The bill was sent to the House Appropriations Committee for further action.

Another start-up grant program won approval from the Senate Agriculture and Natural Resources Committee on Feb. 10. The grant program is intended to finance groundwater reductions in the Republican River and Rio Grande basin. That could include buying and retiring irrigation wells and/or irrigated acreage.

Senate Bill 28 doesn’t finance the grant program; that money, according to Senator Cleave Simpson, R-Alamosa, is expected to come from the Federal American Rescue Plan Act dollars awarded to the State. That fund, known as the economic recovery and relief cash fund, has $848 million available, to be spent by Dec. 31, 2024. 

The bill comes from the interim Water Resources Review Committee, which also includes Sen. Jerry Sonnenberg, R-Sterling, the co-sponsor of SB 28. The bill was endorsed by the Colorado Water Congress last month.

The grant program is intended to help with compact compliance on the Republican River and with aquifer recoveries and maintaining the aquifers in the Rio Grande, Simpson said. 

The circumstances are challenging for these communities, Simpson added. The bill has the potential to swing the pendulum to make a big difference, due to those federal dollars, he said.

Sen. Kerry Donovan, D-Vail, the Committee Chair, said she recommended $150 million for groundwater projects, with $50 million suggested for SB 28. 

Sonnenberg said even $150 million may not be enough just for those two basins, with commodity prices where they are, such as corn at $6 per bushel. He’s said he’s heard support from the Governor’s office for $100 million. 

Simpson said he asked the economic task force for $80 million from ARPA, which he said should meet Federal guidelines, with more money potentially from the federal infrastructure bill. 

David Robbins of Denver, general counsel for both the Rio Grande and Republican River conservation districts, told the committee that the groundwater issue on the Republican is compact compliance with Nebraska and Kansas. Colorado agreed to withdraw 25,000 acres by 2029 under a three-state resolution signed in 2016. Despite spending $100 million, the district is having a terrible time meeting the state-mandated responsibility, Robbins told the committee.

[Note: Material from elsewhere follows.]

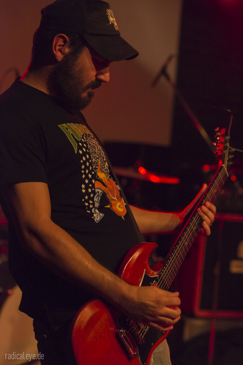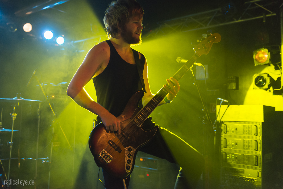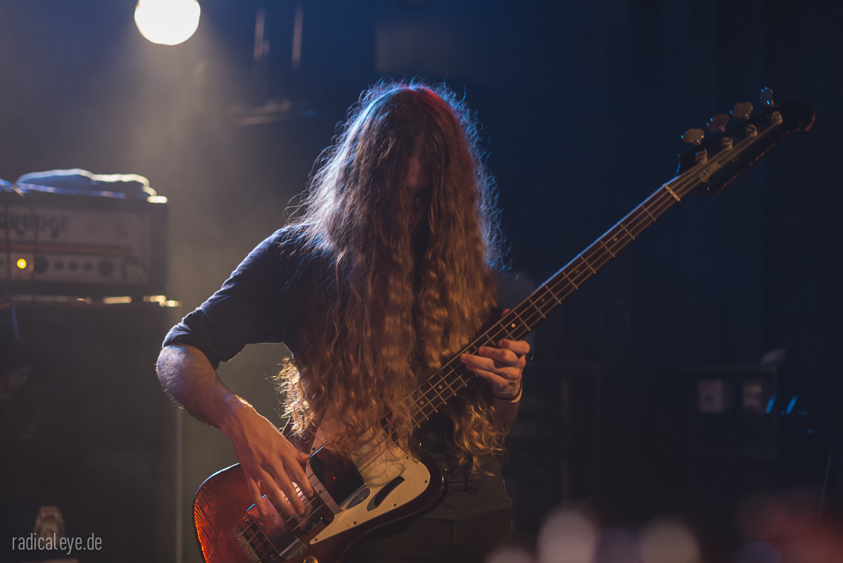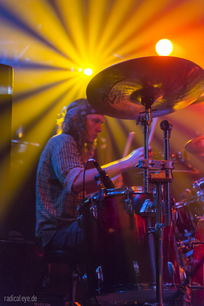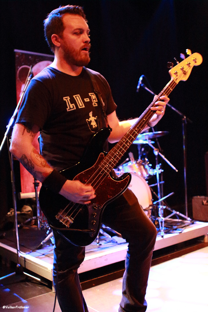Volkers Senf dazu: Kranhalle, 15 Uhr 30. Aaron Boyer als Dreschflegel und Mister Prügelpeitsch (© Otto Waalkes) unter ihrem Bühnenlogo, Ryan McAllister an den dicken Saiten und Gitarrist und Sänger Ryan Ferrier boten uns einen 45-minütigen Keep It Low Samstagseinstieg der gehobenen Klasse, Stoner Rock mit „Big Balls“. Guter Gesang, bollernder Groove und Zwechfellerschütternde Gitarrenriffs und-licks….wie mit einem Hieb aus Granit gemeißelt. Schweißtreibend, Nackenmalträtierend, Mähnenschüttelnd (bei mir nicht mehr möglich) und immer am Anschlag. Die drei Jungs hatten aber noch mehr im Programm: sie mussten direkt nach diesem Auftritt noch ein paar Meter auf diversen Autobahnen zurücklegen, denn spät am Abend stand noch ein Auftritt im Siegener Vortex an….Respekt!

The Rio Grande’s issue is being driven by a need for sustainability, Robbins said. Because of commodity prices and amount of land, about 40,000 acres that have to come out of production, local water users have not been financially able to get the job done.

Both districts have deadlines of 2029 to meet. If they fail, the state engineer will shut down wells in the basins, a dramatic and difficult consequence for both basins, Robbins said.

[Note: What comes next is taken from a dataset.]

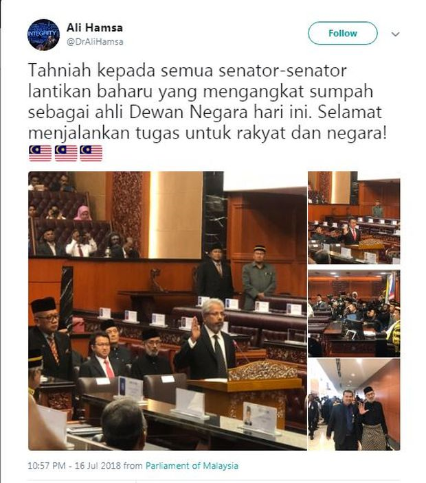 Menerusi tweet itu, Ali Hamsa mengucapakan tahniah kepada senator yang baru mengangkat sumpah.

The bill would set up a fund to help pay for withdrawing those acres, Robbins explained.

Aaron Sprague, of Holyoke, treasurer of the Republican River Conservation District, told the committee that fees have been assessed for irrigated acres since the district was created in 2004 to deal with compact compliance. Since 2006, they’re retired 42,000 acres for compact compliance, at a cost of $150 million. 

The bill will help deal with the requirements under the 2016 resolution that Sprague said moved the goalposts for the district, Sprague said. “We thought we were in compliance but need to retire another 25,000 acres,” a huge burden to farmers as well as a risk to water certainty. 

“We look forward to the introduction of more certainty to the basin,” which he said he hoped would be a result of SB 28.

The measure won unanimous approval from the committee and now heads to the full Senate for debate.